Why convert?

If you have service prior to July 1980, you may want to convert it to the 5-year average current pension formula to increase your pension.

How it works

To be eligible, you must have service before July 1980 and you cannot be receiving a pension.

For service prior to July 1, 1980 – the salary used in your pension calculation is the average of your highest 7 salary years out of your final 12 years.

For service on and after July 1, 1980 – the salary used in your pension calculation is the average of your highest 5 salary years out of your final 12 years.

You have the option of paying to convert your pre-July 1980 service to a 5-year average.
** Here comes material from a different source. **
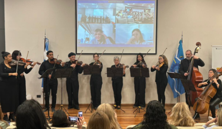 La Camerata de Cuerdas de la Municipalidad de Puerto Madryn llevó su talento hasta la Legislatura del Chubut, donde brindó un recital en vivo en el marco de las Primeras Jornadas Provinciales de Calidad y Seguridad de las Personas, organizadas por la Secretaría de Salud provincial.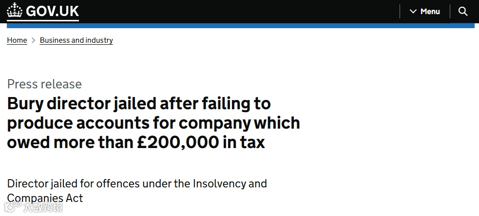 2.英国一公司董事因欠税超过20万英镑被判入狱

This will increase your pension because the average of 5 years is almost always higher than the average of 7 years.

The cost to convert is based on the increase to your pension. The higher the increase, the higher the cost.

How to proceed

If you would like the cost calculated, complete a Service Purchase Application. Once we receive your request, we will send you a letter detailing the cost and estimating the impact it will have on your pension.
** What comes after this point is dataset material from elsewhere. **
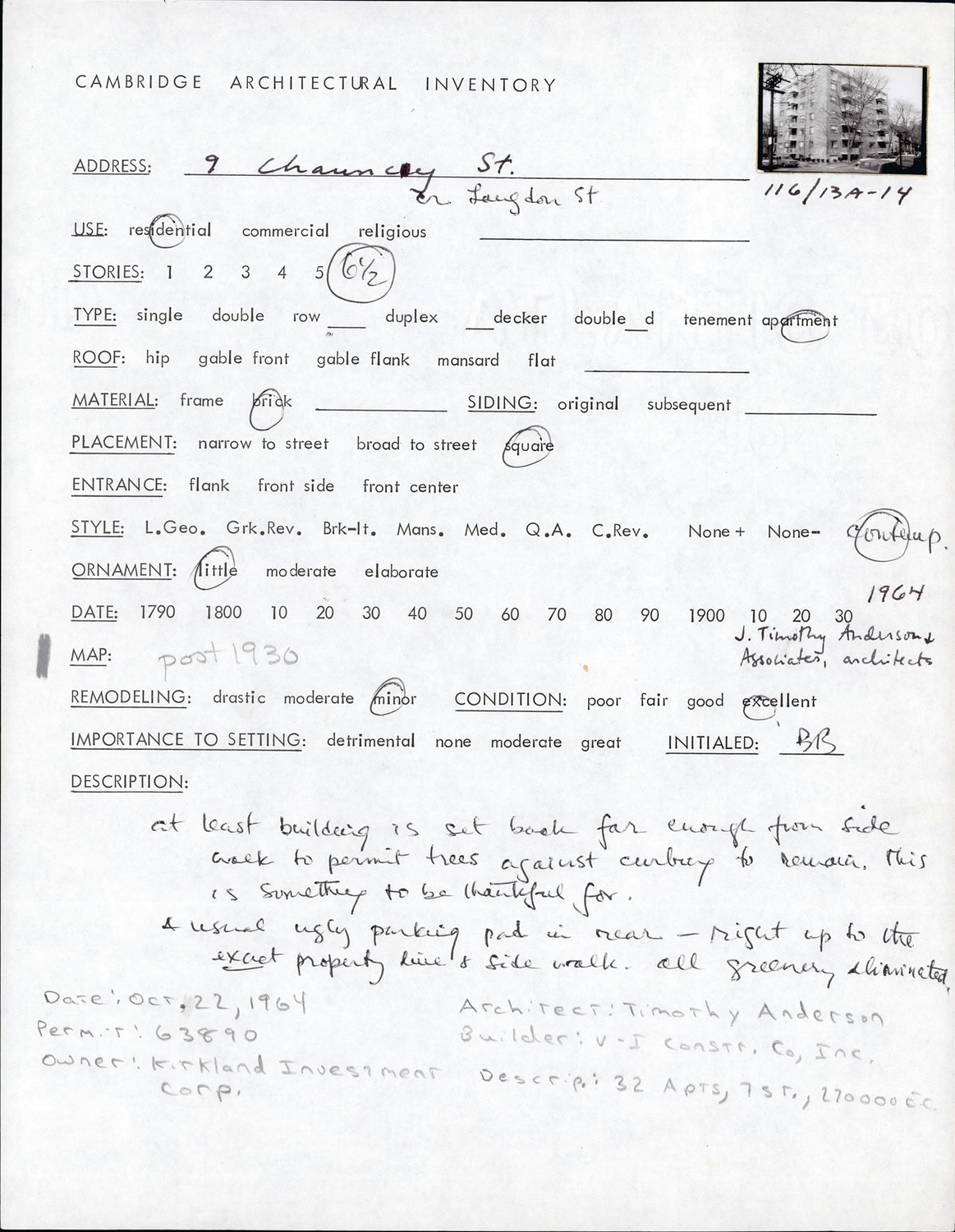 9 Chauncy St - Architectural Inventory Form

You are not obligated to make the payment just because we have made the calculation. If you decide not to make the payment at this time, you will need to complete another Service Purchase Application to have the amount recalculated for a later date.

Generally, the best time to convert is at retirement when we know the exact amount of the increase to your pension.

Making payments

Once we calculate your cost, you have 90 days to pay before the cost expires. Depending on when you retire, these deadlines may change. Be sure to discuss this with a Member Service Specialist.

If you prefer, you can pay a portion of the cost and therefore convert a portion of your service. You can request a cost for the balance of your pre-1980 years anytime until retirement.

You also have the option of making your payments through a transfer of your RRSP funds. To make an RRSP transfer, ask your financial institution to help you complete Canada Revenue Agency’s T2033 form.

Income tax deductions

The total conversion payment can be deducted on your income tax return over time. Each year you may deduct the difference between $3,500 and your current annual TRAF contributions.

If your annual TRAF contributions are greater than $3,500, you have the option of carrying your payments forward to when you are making lower pension contributions or when you are no longer making pension contributions.

Payments made through RRSP transfer are not tax deductible.